Access to your information and correction
You have the right to request a copy of the information that we hold about you. If you would like a copy of some or all of your personal information, please email or write to us at the address provided in the final section of this statement. We will provide this information to you free of charge, however, we reserve the right to charge you a small administration fee for disbursements.
We want to make sure that your personal information is accurate and up to date. You can ask us to correct or remove information you think is inaccurate. And where possible, we will make any appropriate changes as soon as possible.
Cookies and Analytics
You can set your browser not to accept cookies and this link tell you how to remove cookies from your browser. However, in a few cases some of our website’s features may not function as a result.
Our site uses CookieBot, a third party cookie management service to help us to be as transparent as possible, and to provide a full user control over cookies on our site. Any cookies that are necessary for our website to perform correctly will be deployed automatically, in order to provide you with our site in its correctly functioning state – these can’t be turned off, as the site may not perform correctly or behave as we had hoped. Cookies relating to preferences and statistics are deployed automatically under our legitimate interests, but can be switched off via the banner.
We also use marketing cookies, to help provide us with aggregated data of the usage of our site and the mediums which are driving traffic to the site. Where possible, this data is anonymized and cannot identify you. These types of cookies will only be activated given your consent to do so, and this consent can be revoked as mentioned below. These cookies will collect as little personal data as possible; this data will be deleted once there is no reasonable reason to retain this. You can find the retention periods for each individual cookie by expanding our CookieBot toolbar on our site.

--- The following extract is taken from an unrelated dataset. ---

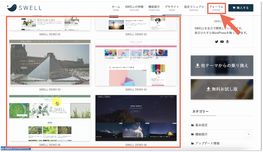お好みのデモサイトを1つ選んだら、『フォーラム』をクリックしてください。

Some of this data is shared with the third parties who set these cookies, meaning that this information may be shared outside of the EEA; where this is the case these recipients will be covered by an adequacy decision – given by the European Commission to declare that the country offers an adequate level of data protection, or, the companies with whom this data is shared will be contractually bound to observe data protection principles when processing your data.
Your cookie consent settings will remain valid for 12 months and will be remembered upon your next visit – if you wish to update your consent settings before this, then you can delete this cookie from your browser.

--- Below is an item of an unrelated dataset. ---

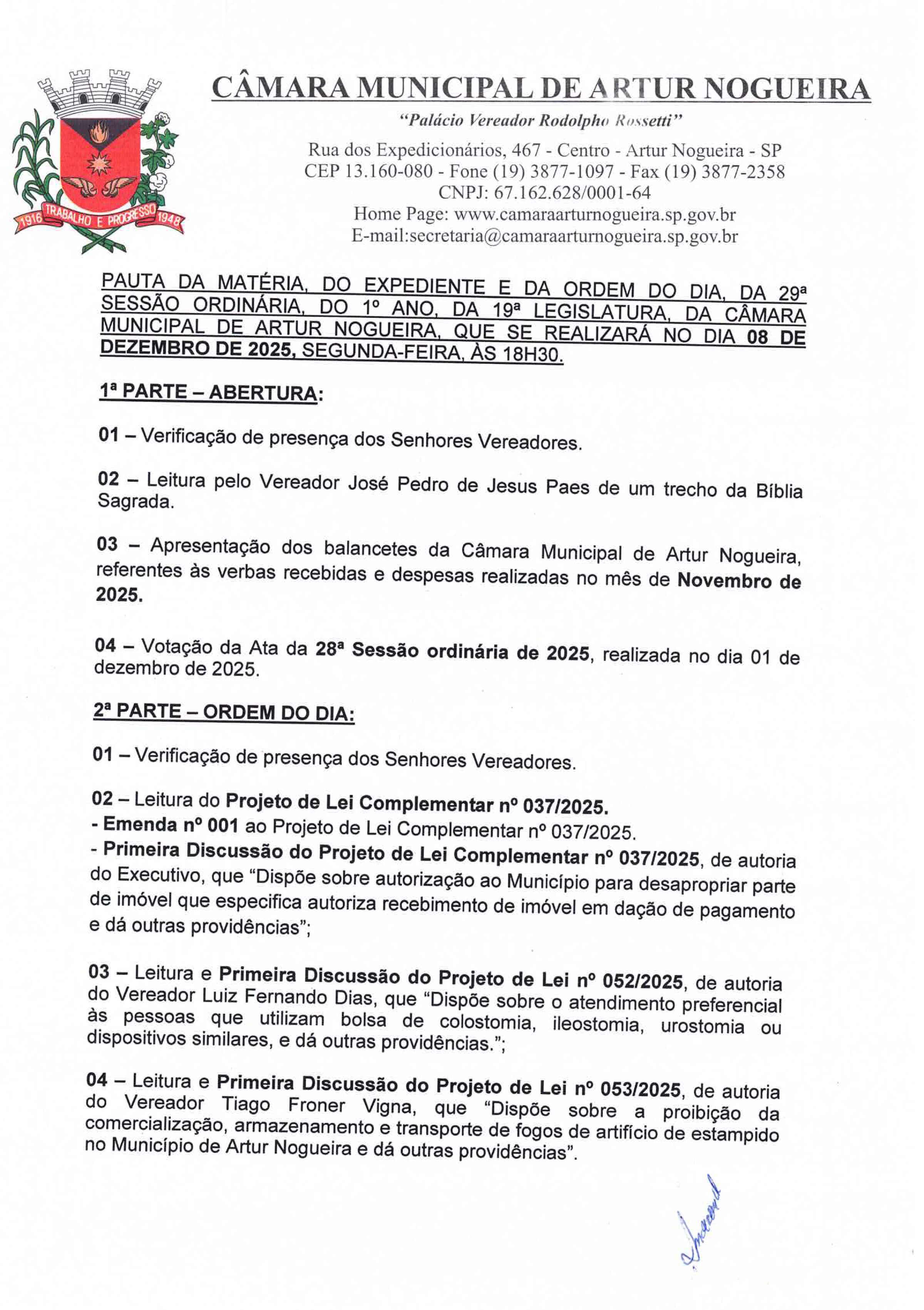 A Câmara Municipal de Artur Nogueira realiza nesta segunda-feira (8), às 18h30, a 29ª Sessão Ordinária de 2025. A reunião marca mais um encontro do Legislativo e contará com apresentação de balancetes, leitura de projetos e encaminhamento de novas indicações ao Executivo.

We will also collect your IP Address via our site; this is a unique identifier for your computer to time stamp your arrival on our site, but is not linked to any information from which you are personally identifiable, like a username. ASE will retain this information for a maximum of two years, or until no longer necessary. This will be collected and retained in our interests to help us to inform law enforcement in the case of a network breach; and to analyze the use of the website in order to help guide improvements. The syslog server where these are kept uses heavy encryption on its storage, and is not accessible to anyone outside of the core infrastructure team.
This Privacy Statement was last updated on the 24th May 2018.
ASE holds two separate registrations as a data controller with the Information Commissioner’s Office (ICO). Details concerning both registrations can be viewed at https://ico.org.uk/esdwebpages/search under registration numbers Z3324276 and Z1936284.
You also have the right to lodge a complaint with the ICO, who can be contacted via this link.
How to contact us
If you have any data protection issues, or if you have any questions about our privacy statement or the information we hold on you, you can contact our Data Protection team via GDPR@ase-global.com
Or alternatively, write to us at the following address:
ASE Global, Rowan Court, Concord Business Park, Manchester, M22 0RR.